Chapter 24 Guess Who

GUESS WHO

This bitch thinks she can take everything away from me and get away with it.

I’ve been following her. Stalking her every move.

I know where she goes, what time she leaves, what car she drives, where she parks, who she talks to.

I know her routine better than she does because she’s careless and comfortable and doesn’t know that someone is watching.

But I’m always watching.

Tonight I watched her get into his car. I watched them drive to that lounge on the nice side of town.

I sat outside for two hours in the dark with my headlights off and my heart beating so fast it hurt.

Two hours of imagining what they were doing in there.

Were they laughing? Were they touching? Was she giving him that smile I’d seen through the restaurant window all those weeks ago?

And then some man I didn’t recognize stumbled out of the lounge with a busted lip and blood on his shirt.

And I thought, good. Maybe the night went bad.

Maybe they fought. Maybe she’d come out alone and get in a cab and go home by herself and I could stop feeling like the walls of my car were closing in on me.

But no. They came out together. Side by side. He opened her door. She got in. And they drove to her apartment. I followed them from a distance because I’ve gotten good at that. I know how many car lengths to keep. I know which lanes to use so my headlights don’t show in his mirrors.

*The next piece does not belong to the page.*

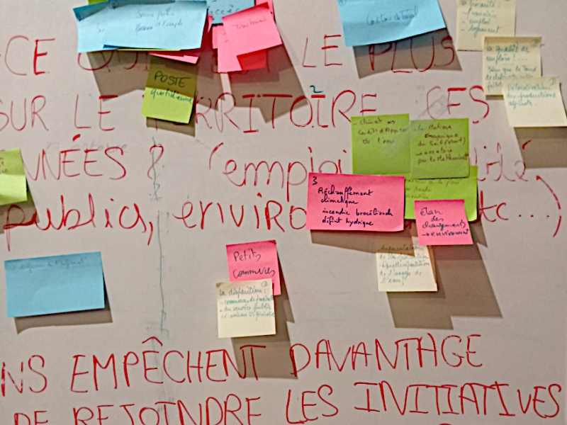 Ces jours là, la Fourmilière portait bien son nom : des temps d’échanges en petits groupes et en plénière ont permis de nommer et de valoriser les nombreuses initiatives associatives qui font vivre notre territoire(1). Les participant·es ont aussi identifié ce qui s’est dégradé ces dernières années dans nos communes, et ce qui y manque encore. L’objectif : faire naître des projets concrets, portés à la fois par les habitant·es et les collectivités.

They went upstairs together. His Maybach sat on the street for hours. I sat across from it for every single one of those hours, watching her window, watching the light behind the curtain, watching it eventually go dark.

He didn’t leave.

He stayed the night with her and something inside of me snapped so quietly that I almost didn’t hear it. It wasn’t loud or dramatic. It was a small sound, like a thread breaking. The last thread holding me to the version of myself that was willing to just watch.

I’m done watching.

She took something from me and I’m going to take everything from her. Not tomorrow. Not next week. When she least expects it. When she’s the most comfortable she’s ever been. When she thinks she’s finally safe.

That’s when I’ll remind her that she’s never been safe.